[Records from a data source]
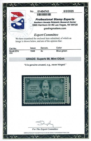 974, Juliette Low, Mint NH, PSE Graded Superb 98 Certificate, SMQ $95
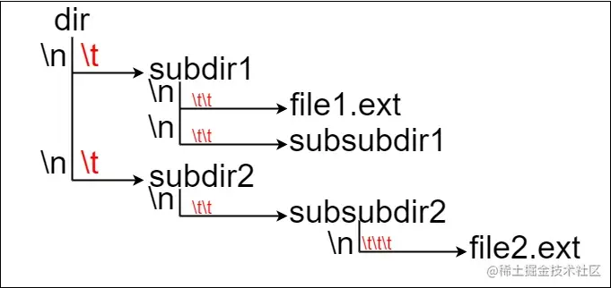 如果是代码表示,上面的文件系统可以写为 "dir\n\tsubdir1\n\t\tfile1.ext\n\t\tsubsubdir1\n\tsubdir2\n\t\tsubsubdir2\n\t\t\tfile2.ext" 。'\n' 和 '\t' 分别是换行符和制表符。
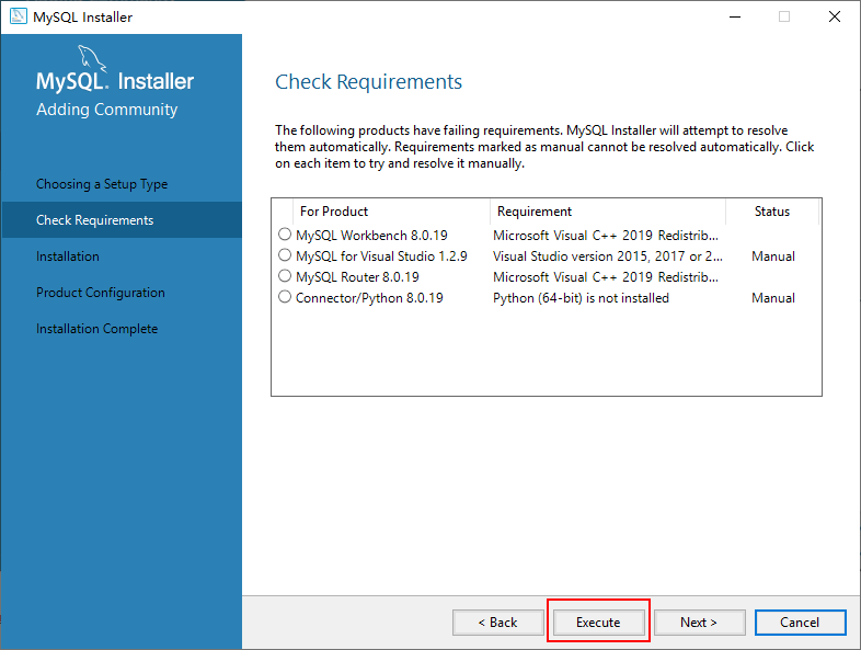 步骤 6:进入安装确认窗口,点击 “execute” 按钮,开始 MySQL 各个组件的安装。
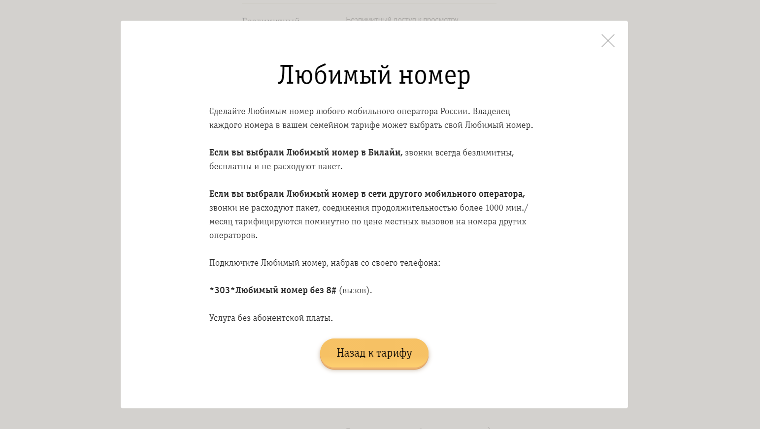 Для начала о том, на каких тарифах действует «Любимый номер» Билайн:
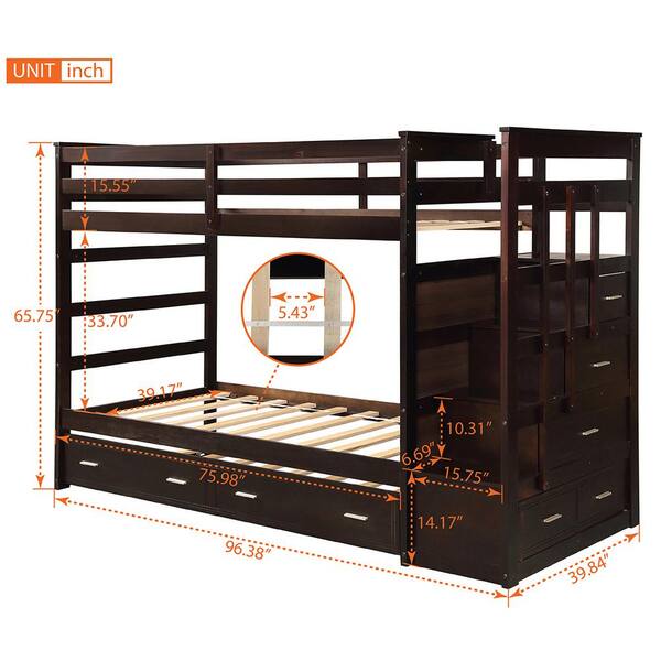 Espresso Twin Over Twin Bunk Bed with Trundle and Drawers
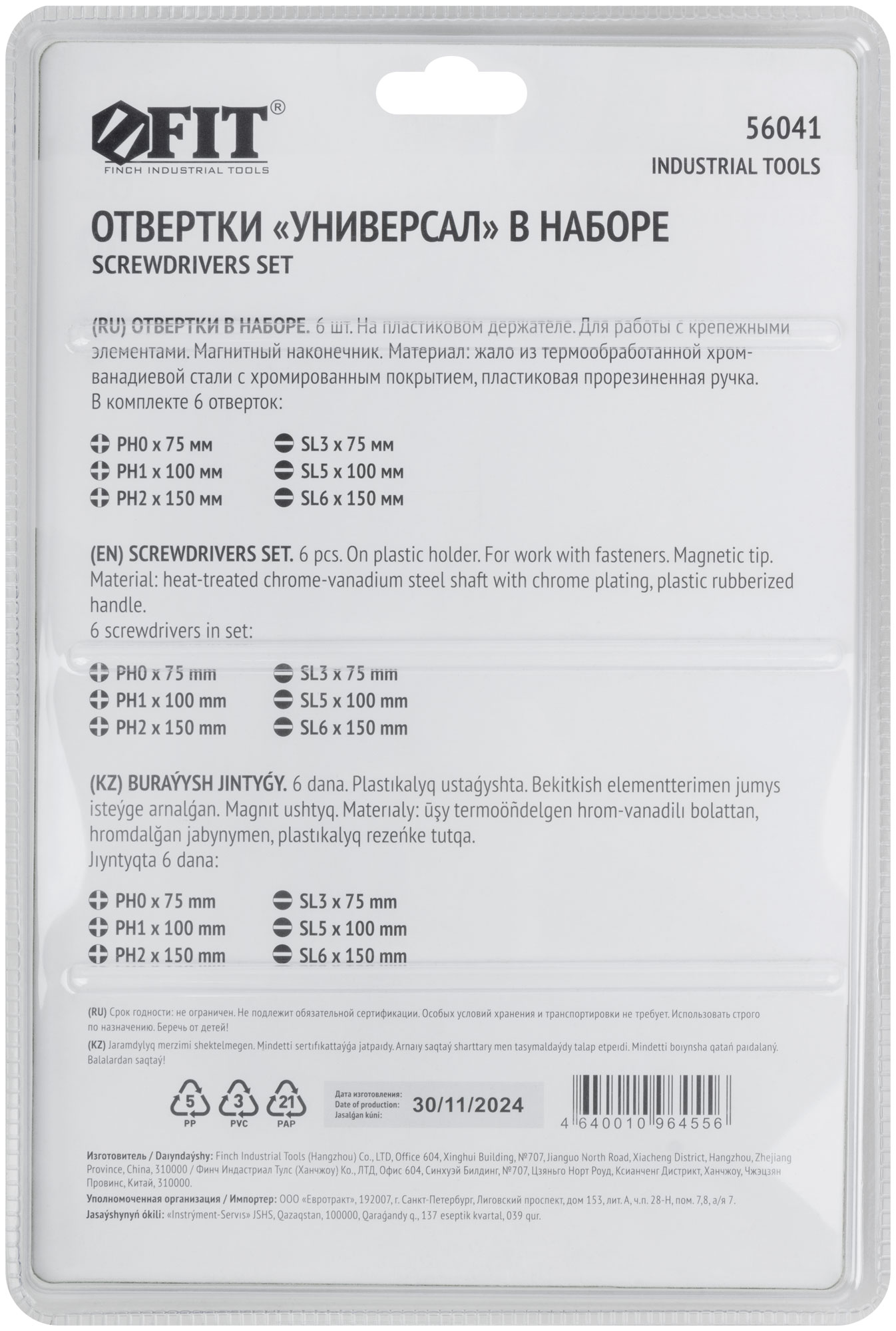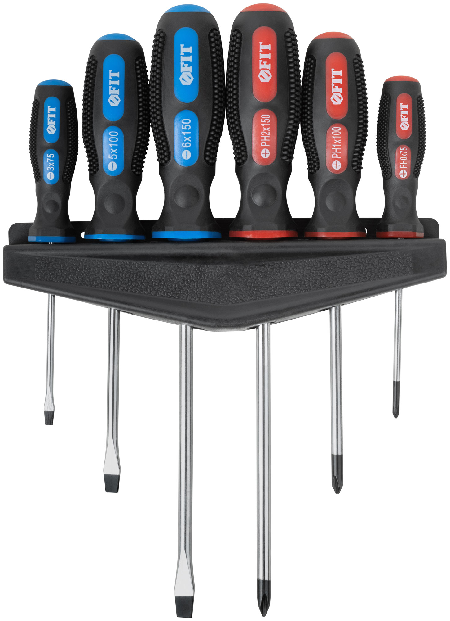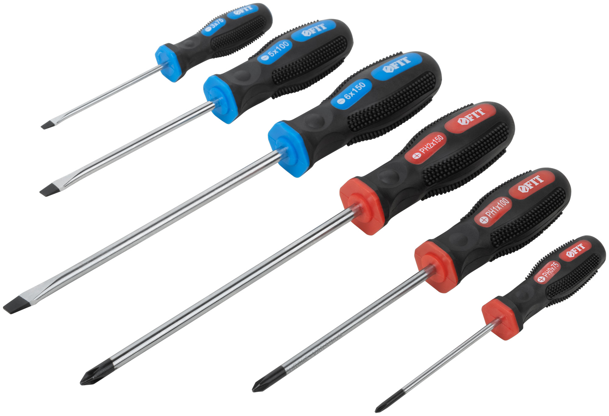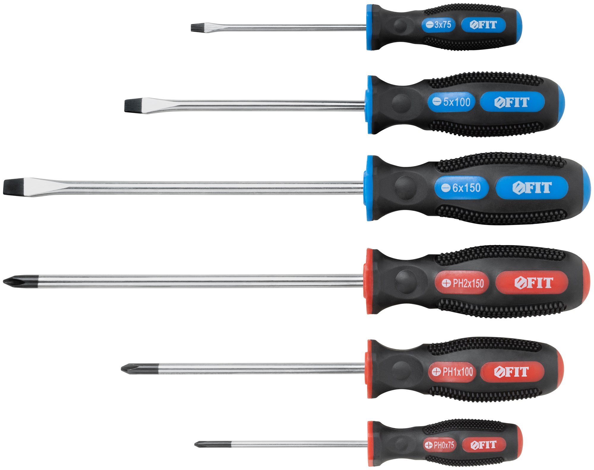 SL3 x 75 мм; SL5 x 100 мм; SL6 x 150 мм; PH0 x 75 мм; PH1 x 100 мм; PH2 x 150 мм. На пластиковом держателе. Материал: жало из хром-ванадиевой стали, магнитный наконечник, мягкая прорезиненная ручка. Упаковка: блистер.

- **YOUR OBJECTIVE**
Quote exactly, and nothing besides, the lines from the one with "Espresso Twin Over" through the end of the records above; include both ends and omit the pictures.

- **TASK SOLUTION**
 Espresso Twin Over Twin Bunk Bed with Trundle and Drawers
 SL3 x 75 мм; SL5 x 100 мм; SL6 x 150 мм; PH0 x 75 мм; PH1 x 100 мм; PH2 x 150 мм. На пластиковом держателе. Материал: жало из хром-ванадиевой стали, магнитный наконечник, мягкая прорезиненная ручка. Упаковка: блистер.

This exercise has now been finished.